Study material
• • • •
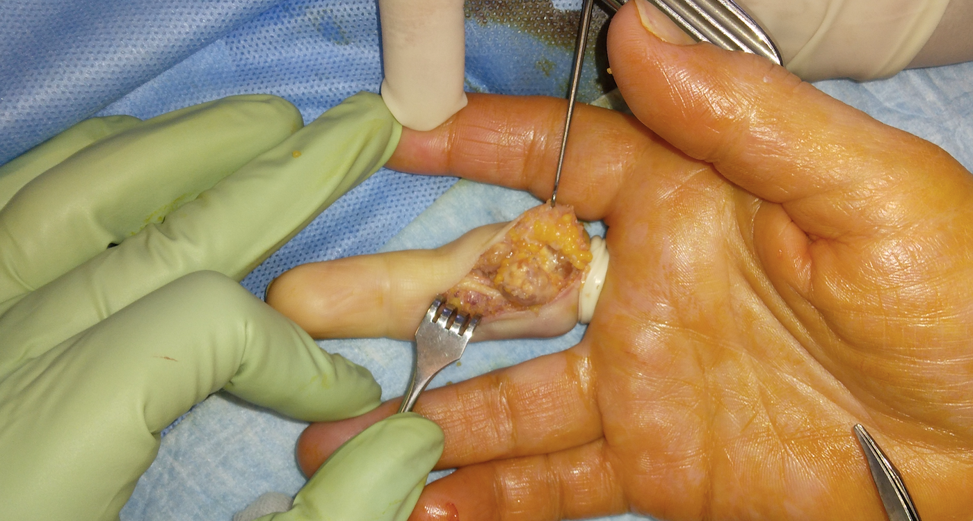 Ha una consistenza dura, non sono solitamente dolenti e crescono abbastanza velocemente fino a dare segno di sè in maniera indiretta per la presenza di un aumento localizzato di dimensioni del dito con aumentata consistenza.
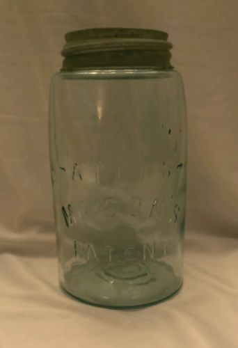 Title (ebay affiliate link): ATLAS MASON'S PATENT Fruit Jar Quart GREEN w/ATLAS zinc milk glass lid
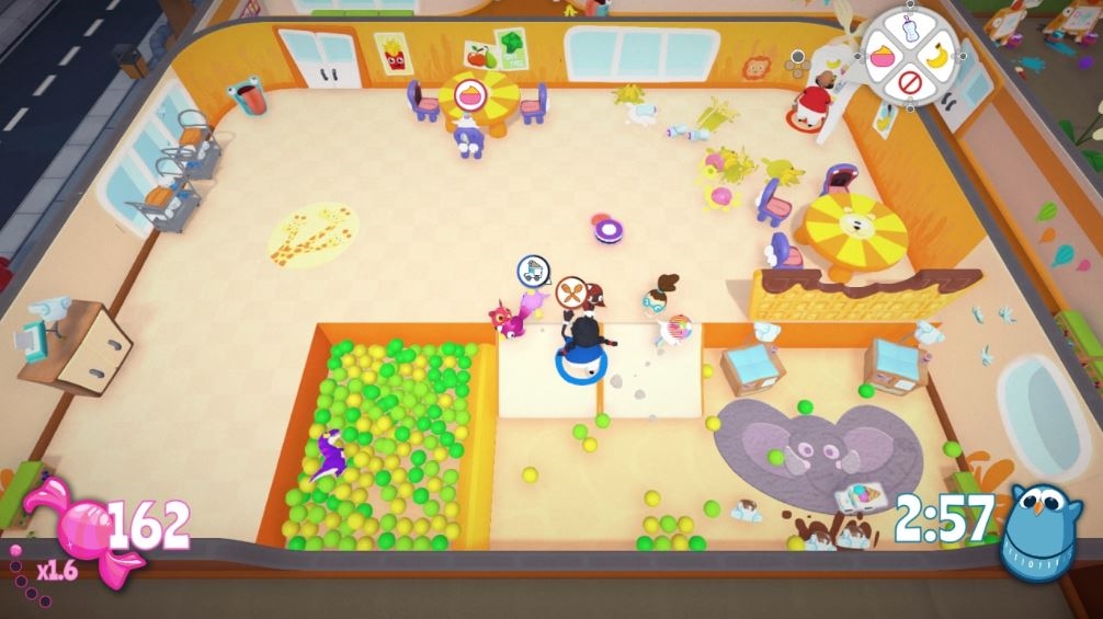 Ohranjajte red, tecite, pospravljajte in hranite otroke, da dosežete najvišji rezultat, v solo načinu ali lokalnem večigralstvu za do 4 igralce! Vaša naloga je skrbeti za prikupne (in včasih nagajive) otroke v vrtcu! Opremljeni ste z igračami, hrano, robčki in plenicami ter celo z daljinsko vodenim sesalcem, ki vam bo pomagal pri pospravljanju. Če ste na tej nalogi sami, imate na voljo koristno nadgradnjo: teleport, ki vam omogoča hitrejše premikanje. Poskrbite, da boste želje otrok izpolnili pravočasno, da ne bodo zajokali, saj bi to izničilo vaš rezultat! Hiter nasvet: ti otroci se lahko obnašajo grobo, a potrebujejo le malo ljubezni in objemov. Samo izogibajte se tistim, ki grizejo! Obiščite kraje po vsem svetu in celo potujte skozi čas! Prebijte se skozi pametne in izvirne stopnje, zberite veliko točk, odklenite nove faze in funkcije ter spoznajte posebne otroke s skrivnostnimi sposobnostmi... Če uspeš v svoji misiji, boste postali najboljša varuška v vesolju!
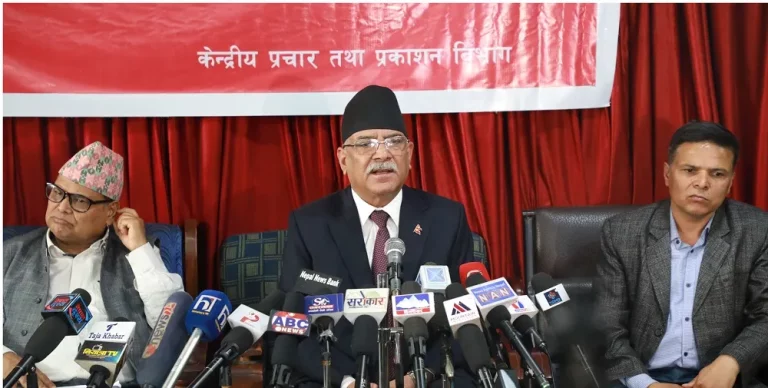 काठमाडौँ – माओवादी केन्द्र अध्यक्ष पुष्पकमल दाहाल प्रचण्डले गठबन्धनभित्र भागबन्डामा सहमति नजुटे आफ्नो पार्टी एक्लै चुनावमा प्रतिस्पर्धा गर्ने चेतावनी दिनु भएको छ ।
• • • •
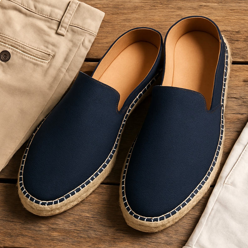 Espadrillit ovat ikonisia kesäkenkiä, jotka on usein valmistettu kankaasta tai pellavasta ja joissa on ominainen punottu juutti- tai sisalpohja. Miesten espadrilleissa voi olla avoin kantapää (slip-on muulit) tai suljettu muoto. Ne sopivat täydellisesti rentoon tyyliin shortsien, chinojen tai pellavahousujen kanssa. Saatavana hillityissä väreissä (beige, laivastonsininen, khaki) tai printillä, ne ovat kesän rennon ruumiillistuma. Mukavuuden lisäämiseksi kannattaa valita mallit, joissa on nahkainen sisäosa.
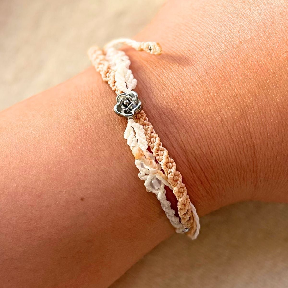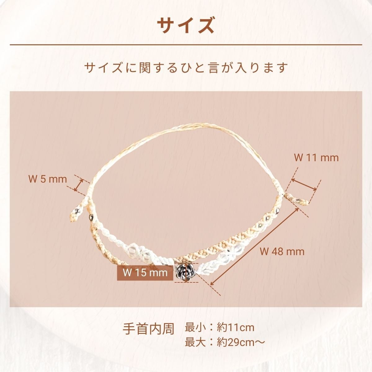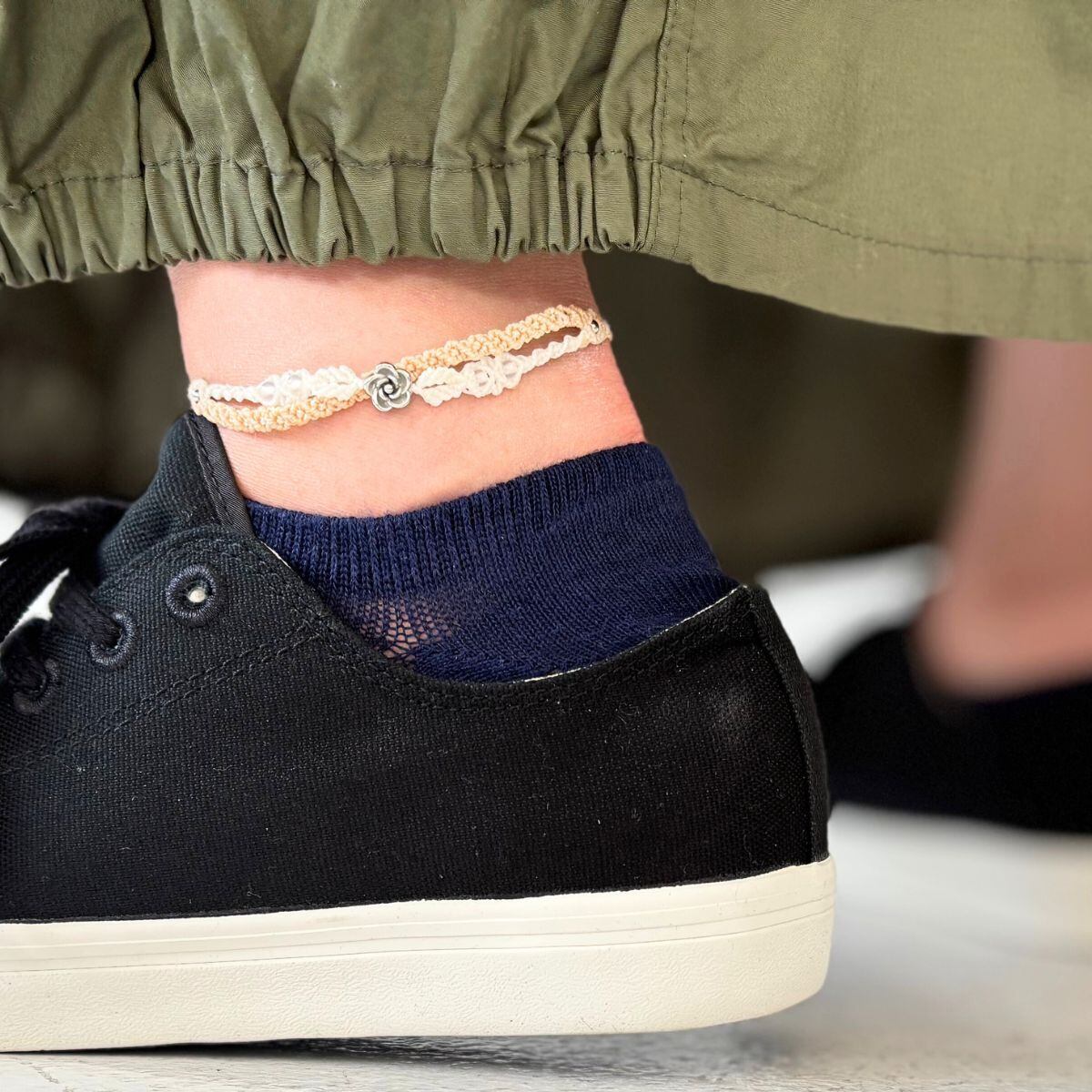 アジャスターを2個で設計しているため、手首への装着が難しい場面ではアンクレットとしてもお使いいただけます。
• • • •
Your task
What belongs in the answer is each line above from the line with "Ha una consistenza" to the line with "काठमाडौँ – माओवादी", inclusive, reproduced exactly and free of pictures.

Response area
 Ha una consistenza dura, non sono solitamente dolenti e crescono abbastanza velocemente fino a dare segno di sè in maniera indiretta per la presenza di un aumento localizzato di dimensioni del dito con aumentata consistenza.
 Title (ebay affiliate link): ATLAS MASON'S PATENT Fruit Jar Quart GREEN w/ATLAS zinc milk glass lid
 Ohranjajte red, tecite, pospravljajte in hranite otroke, da dosežete najvišji rezultat, v solo načinu ali lokalnem večigralstvu za do 4 igralce! Vaša naloga je skrbeti za prikupne (in včasih nagajive) otroke v vrtcu! Opremljeni ste z igračami, hrano, robčki in plenicami ter celo z daljinsko vodenim sesalcem, ki vam bo pomagal pri pospravljanju. Če ste na tej nalogi sami, imate na voljo koristno nadgradnjo: teleport, ki vam omogoča hitrejše premikanje. Poskrbite, da boste želje otrok izpolnili pravočasno, da ne bodo zajokali, saj bi to izničilo vaš rezultat! Hiter nasvet: ti otroci se lahko obnašajo grobo, a potrebujejo le malo ljubezni in objemov. Samo izogibajte se tistim, ki grizejo! Obiščite kraje po vsem svetu in celo potujte skozi čas! Prebijte se skozi pametne in izvirne stopnje, zberite veliko točk, odklenite nove faze in funkcije ter spoznajte posebne otroke s skrivnostnimi sposobnostmi... Če uspeš v svoji misiji, boste postali najboljša varuška v vesolju!
 काठमाडौँ – माओवादी केन्द्र अध्यक्ष पुष्पकमल दाहाल प्रचण्डले गठबन्धनभित्र भागबन्डामा सहमति नजुटे आफ्नो पार्टी एक्लै चुनावमा प्रतिस्पर्धा गर्ने चेतावनी दिनु भएको छ ।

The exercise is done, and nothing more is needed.